Mason family arrival documents
The Powers and Masons were able to travel to Australia because of the Bounty Immigration Scheme.
The Bounty Immigration Scheme was first suggested by Edward Gibbon Wakefield and the first set of Bounty Regulations was gazetted by Governor Bourke in October 1835.

Bounty immigrants were free immigrants whose passage was paid by the colonial government under the “bounty scheme” whereby an incentive was paid to recruiting agents in Britain to find suitable skilled labour and tradespeople, then ship them out to the new colony which urgently need them.

Newly married couples or single men and women were given preference – large families were rarely accepted*2. Selected immigrants were generally shepherds, ploughmen and agricultural labourers*3 with some tradespeople such as brickmakers, carpenters, blacksmiths, tailors and needlewomen.
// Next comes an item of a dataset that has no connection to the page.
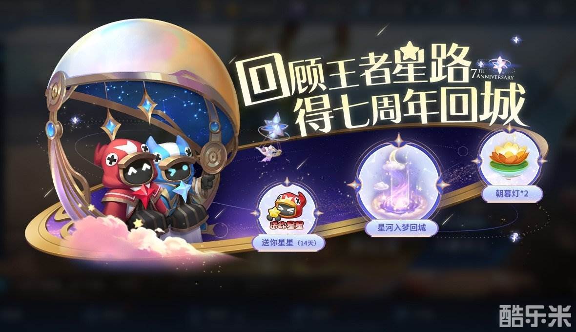 活动奖励:查看数据回顾,点亮星路送七周年-星河入梦回城特效、限时表情-送你星星。

Bounties were paid to the ships’ masters for the safe delivery of their passengers under the scheme,  Typical costs were:

·         30 pounds for a man and wife under 30 years on embarkation;

·         15 pounds for each single female 15y to 30y with the approval of the settler or the agent, and under the protection of a married couple or to stay with the family till otherwise provided for;

·         10 pounds for each unmarried male 18y to 30y (equal number of males and females, mechanics or agricultural labourers were to be encouraged by the settlers);

5     5  pounds for each child over 1year.

The Bounty Scheme was replaced by the Assisted Immigration Scheme of the 1840s and 1850s.  My English ancestors Charles and Eliza White, with their four children, and James and Eliza Golding (and 4 children) took advantage of this.  While there was nothing so dramatic as a famine to escape, they were certainly living in poor circumstances as agricultural labourers at a time of low wages, poor diet, insecure employment and unsanitary housing.



Eliza White 1827 - 1895

Like migrants everywhere, the first generation had hard lives as they worked to establish themselves in a new country.  But the next generation all had at least a basic education, and many of them owned property - advantages which were unthinkable for their counterparts back “home”.



*1 The Great Hunger in County Roscommon by Dr Christine Kinealy
*2 Four children would not have been considered a “large” family.
*3 All four of the men of these families were agricultural labourers.  So too were the four Whitten brothers who came in the 1860s. Although we only know that Joseph came as an Assisted Immigrant it is reasonable to assume that the others did also.

1 comment:

  1. G'day Jill,
    So many of the Australian founding fathers and mothers had to make fresh starts, whether by their own choice or by the government's decision. So far the majority of my ancestors arriving in Van Diemens Land did not come of their own making.

    You are lucky to have so much information on their life back in the old country especially Ireland.

    Good luck with the rest of your #52ancestors posts for 2020.